LightOn print on a cell monolayer through light-controlled expression of mCherry. Image courtesy of Yi Yang, East China University of Science and Technology, Shanghai, China.

Writing in Nature Methods, Wang et al. describe a new technique to spatiotemporally manipulate gene expression with a synthetic, light-inducible activator of transcription.

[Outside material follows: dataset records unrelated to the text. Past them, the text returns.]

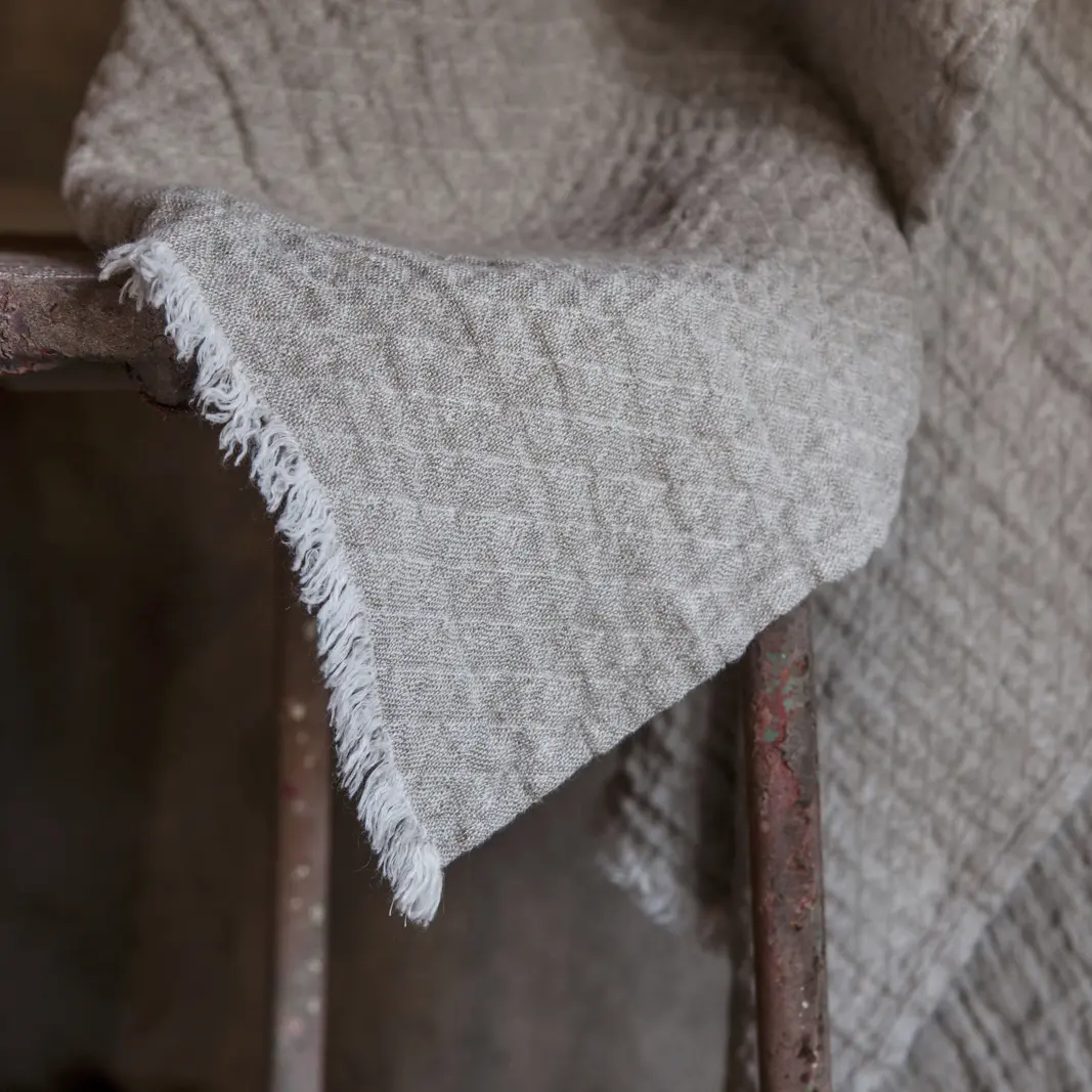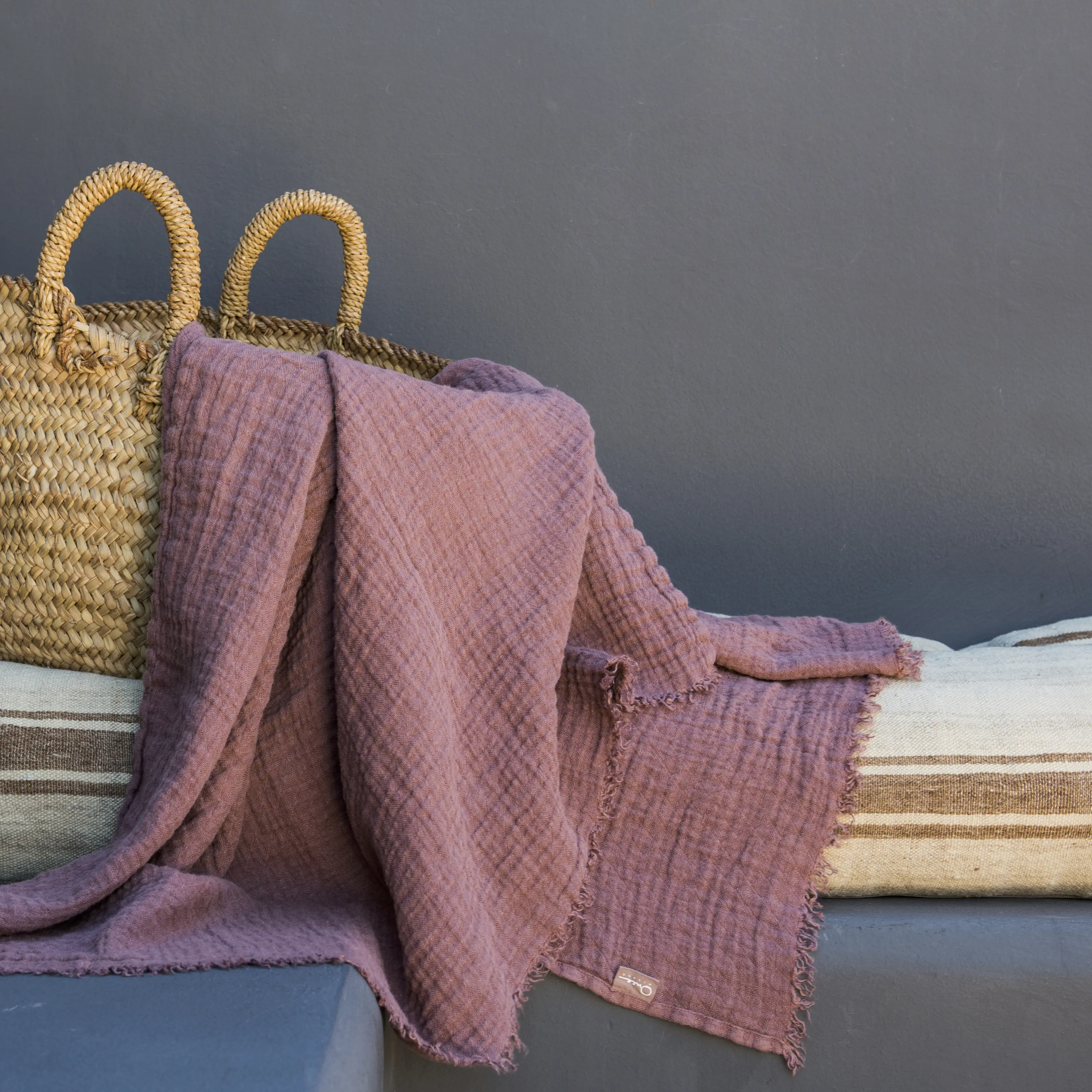 Il plaid in lino sfrangiato conferisce un tocco disinvolto ed elegante a qualsiasi tipo di arredo. Disponibile in un vasto assortimento di colori e realizzato al 100% in lino italiano fatto a mano, รจ una scelta elegante e pratica, sia appoggiato a mรฒ di drappeggio su un divano o sul letto sia usato come comoda copertura nelle serate piรน fresche.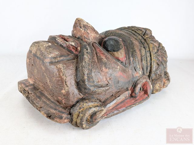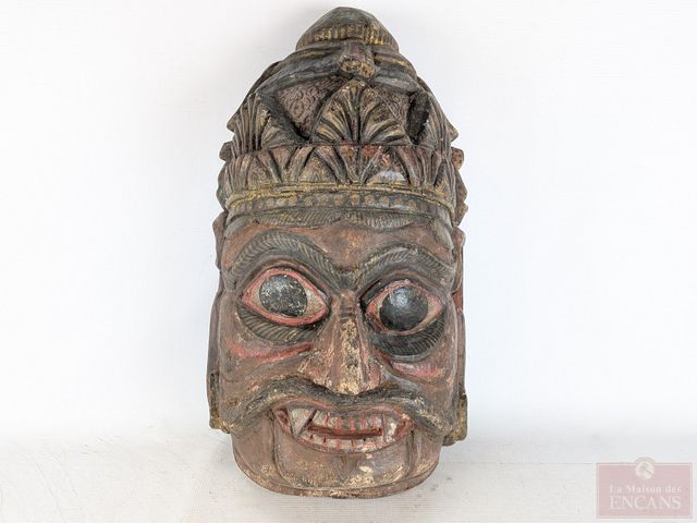 Lot # 133 - Masque indien sculpté sur bois et peint à la main, mesurant 21 pouces de hauteur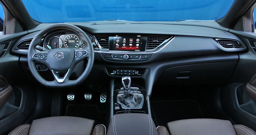 Όπως είναι λογικό οι αλλαγές δεν έμειναν στο αμάξωμα και συνεχίστηκαν και στο εσωτερικό. Εκεί οι σχεδιαστές της Opel φρόντισαν ώστε να είναι πιο μοντέρνο σχεδιαστικά, προηγμένο τεχνολογικά, ποιοτικό και ευρύχωρο. Το εσωτερικό του νέου Insignia Grand Sport, ακολουθεί το σχεδιαστικό προφίλ των νέων μοντέλων της μάρκας και διαθέτει σημαντικά βελτιωμένη εργονομία. Το ταμπλό διακρίνεται από τις μεγάλες επίπεδες επιφάνειες, τις απαλές καμπύλες, το μικρότερο τιμόνι και τα σημαντικά λιγότερα χειριστήρια στην κεντρική κονσόλα. Πολλές λειτουργίες ελέγχονται μέσω της στάνταρ οθόνης αφής των 8 ιντσών του συστήματος πολυμέσων, το οποίο περιλαμβάνει -μεταξύ άλλων- και 4G/LTE Wi-Fi Hot spot. Επιπλέον, στην έγχρωμη οθόνη των 4,2 ιντσών στον πίνακα οργάνων προβάλλονται διάφορες χρήσιμες πληροφορίες, ενώ με πολύ καλή ευκρίνεια απεικονίζονται στο εμπρός παρμπρίζ διάφορες ενδείξεις μέσω του προαιρετικού head-up display. Πολλά είναι και τα συστήματα υποστήριξης του οδηγού, όπως η αναγνώριση επικείμενης σύγκρουσης με αυτόματη ενεργοποίηση πέδησης έκτακτης ανάγκης, η αναγνώριση σημάτων κυκλοφορίας, η υποβοήθηση διατήρησης πορείας και η προειδοποίηση σύγκρουσης εμπρός.

To achive light-inducible gene expression, the authors made use of the small photosensitive protein vivid (VVD). VVD contains a light, oxygen or voltage (LOV) domain, which dimerizes in response to blue light. VVD was coupled to a fragment of the transcription factor Gal4 termed Gal4(65), which comprised a DNA-binding domain but lacked a dimerization domain and, thus, was unable to bind its cognate DNA sequence. Following fusion of Gal4(65) with VVD, light-controlled LOV dimerization allowed Gal4(65) dimerization and DNA binding. Next, the transactivation domain of the transcription factor p65 was added to the Gal4(65)–VVD construct to generate a synthetic protein (termed GAVPO) that can be induced by blue light to initiate transcription of genes containing Gal4-binding sites in their promoter region. This transactivator–promoter transgene system was named LightOn.

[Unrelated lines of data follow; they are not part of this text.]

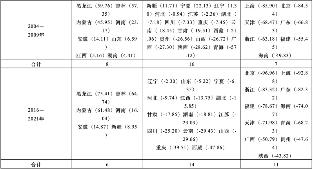 **一是糧食主產區的邊界呈現北移趨勢。**中國糧食生產區域由南方持續向北方轉移,主產區邊界逐步北移。東南沿海地區的江蘇和浙江、西南地區的四川、長江中游的江西、湖南和湖北等省份在1980—1985年還屬於糧食主產區,到2016—2021年均已成為糧食調入省份,其中浙江已經成為糧食主銷區,糧食調入率高達83.32%。當前中國糧食主產區主要集中在東北和黃淮海地區,糧食主產區邊界呈現出明顯的北移趨勢。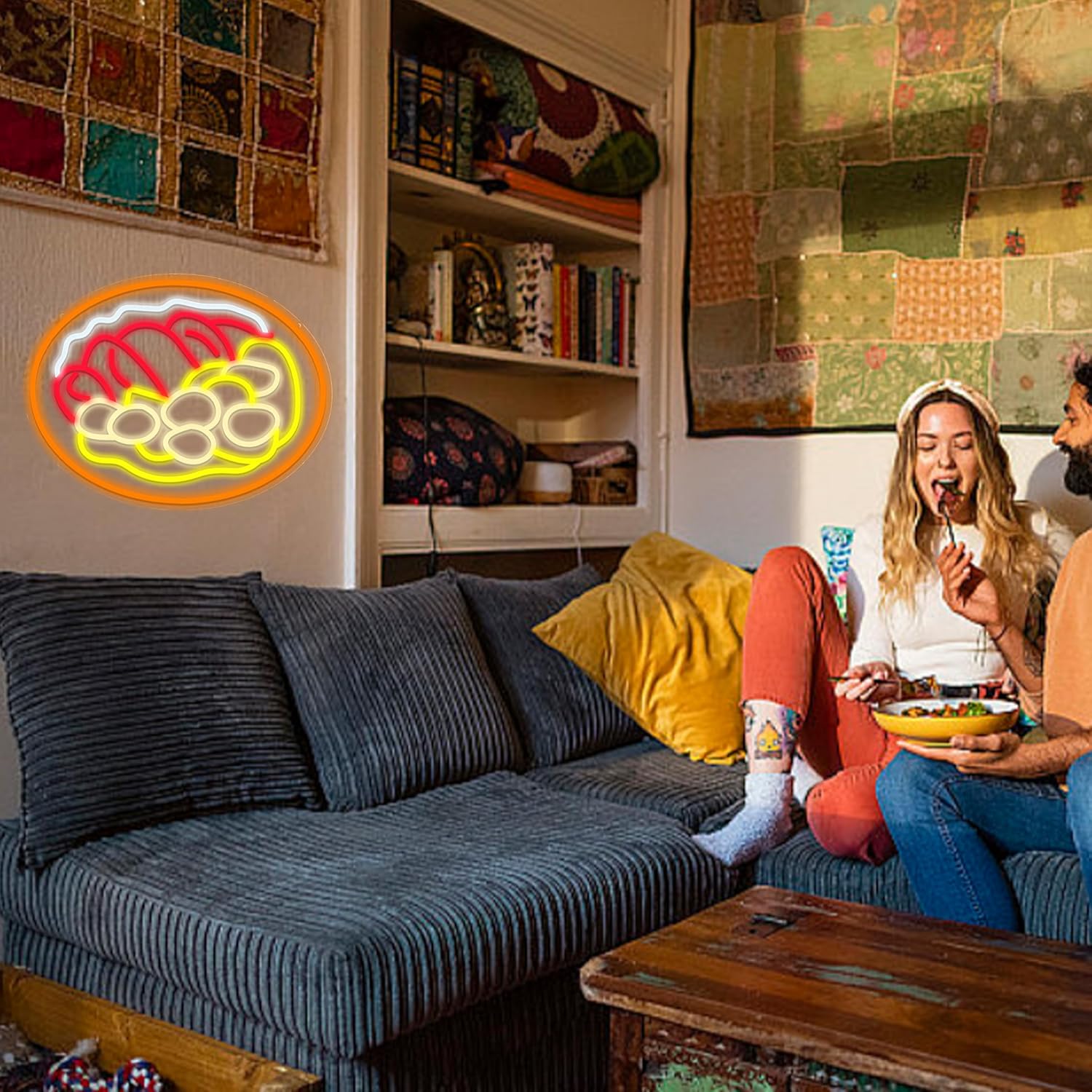 - Applicable scenarios: The curry neon sign can convey an exotic atmosphere. When decorated in restaurants, food stores, markets, food festivals, and kitchens, it can attract the attention of customers and curry enthusiasts.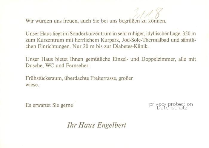 73086182 Bevensen Bad Haus Engelbert postalisch nicht gelaufen Werbekarte (keine Postkarte) Erhaltung siehe scans [KathaD81] KatCode: 11110003360002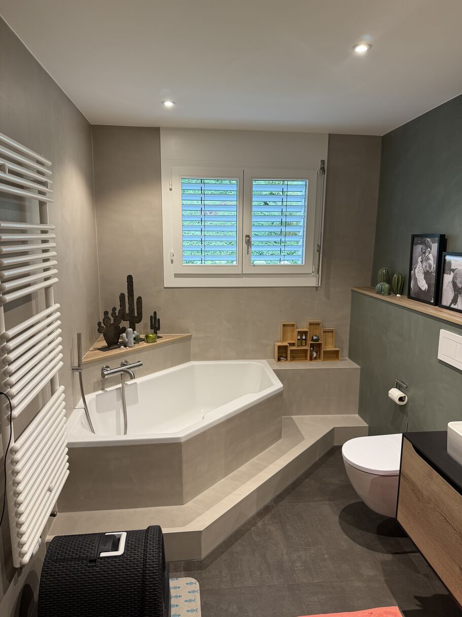 In Kerns wurden bei einem Wohnhaus aus den 90er Jahren die Küche und die Badezimmer umfangreich saniert. Die Naturafloorwände in den Badezimmern geben den Nassräumen einen wunderschönen neuen Charme. Die die neugestaltete Umgebung lädt zum gemütlichen Verweilen ein.

In vitro studies showed that the level of gene expression induced by the LightOn system was comparable to that driven by the human cytomegalovirus (HCMV) early promoter. LightOn-regulated genes could be activated by both continuous illumination and repeated short light pulses. Moreover, the kinetics of LightOn-controlled gene expression depended on the strength and duration of cell illumination, with 30 minutes of illumination being sufficient for the expression of a reporter protein. Interestingly, the half-life of the activated GAVPO was estimated to be 2 hours, which allows tight temporal control of gene expression.

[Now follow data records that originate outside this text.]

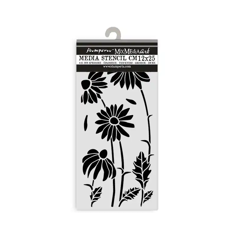 Stencil Stamperia Mix Media Art 25 x 12 cm. – DaisiesIdeal para todos los proyectos, especialmente para Mix Media por su grosor de 0.5 mm.Las máscaras son elementos muy versátiles y que dan mucho juego, tanto en el mundo del scrapbooking como en el del Mixed Media. Con ellas puedes hacer un montón de cosas: crearte tus propios fondos, tus propios adornos, texturas… Puedes usarlas con tintas en spray, con tintas Distress y sus aplicadores, estarcido con purpurina, pigmentos o Perfect Pearls, aplicarles gesso o pasta de relieve… ¡Cuando empieces a cogerles el gusto no sabrás vivir sin ellas!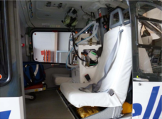 ドクターヘリの機内には、人工呼吸器や心電図モニター、電気除細動器、超音波診断機器などの装備、患者搬送用のストレッチャーや酸素ボンベなどが登載されています。
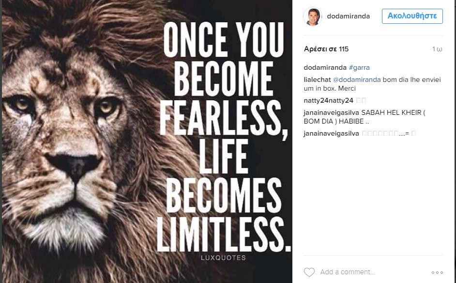 Ο Αλβάρο ς ανάρτησε μια φωτογραφία στον προσωπικό του λογαριασμό στο Instagram του, που απεικονίζει ένα άγριο λιοντάρι, με τη λεζάντα να αναγράφει: «Από την ώρα που θα ξεπεράσεις τους φόβους σου και γίνεις ατρόμητος, η ζωή δεν έχει όρια».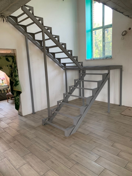 Металлический каркас открытого типа обычно красится краской с качеством автомобильной покраски или кованых ограждений. При покраске автомобильными красками лестница выглядит стильно и современно и обычно используется со стеклянным ограждением или с ограждением на металлических балясинах.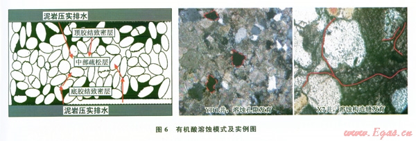 晚期有機(jī)酸溶蝕作用是指在須三段泥巖壓實(shí)過程中排出的有機(jī)酸對(duì)鈣屑砂巖中的碳酸鹽鹽巖膠結(jié)物以及碳酸鹽巖碎屑顆粒進(jìn)行溶蝕,形成溶蝕裂縫及溶蝕孔隙(圖6)。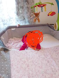 Culletta in legno della CAM con materasso e paracolpi più culletta piccola che si attacca al letto della next to me chicco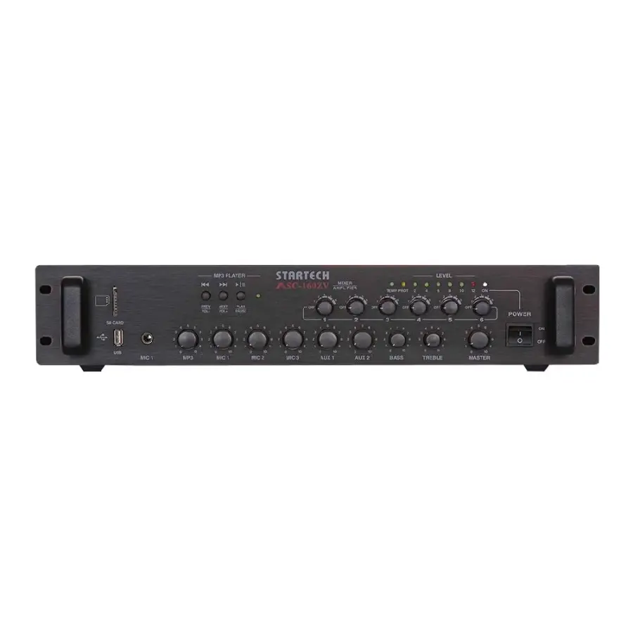 Startech ASC-160ZV, anons ve arka plan müzik sistemleri için geliştirilmiş, 6 bölgeli hoparlör kontrolüne sahip 160 Watt gücünde profesyonel bir mikser amplifikatördür. 2U rack mount tasarımı, çoklu giriş seçenekleri ve hat trafolu çıkış desteği sayesinde okul, cami, ofis, mağaza ve ticari alanlarda güvenle kullanılabilir.

Further analysis showed that the LightOn transgene system can be used to spatiotemporally control gene expression in mice; a GAVPO vector and a Gal4-binding reporter vector were transfected into the livers of mice, and the reporter protein could be traced following exposure of mice to illumination. In addition, more localized gene expression could be achieved with the use of optical fibres. Finally, in a preliminary disease model, regulation of LightOn-controlled insulin expression by blue light illumination successfully reduced blood glucose levels in diabetic mice.

Based on their findings, the authors suggest that the fast kinetics, high transcriptional activity and reversibility of the LightOn gene expression system render it a powerful tool.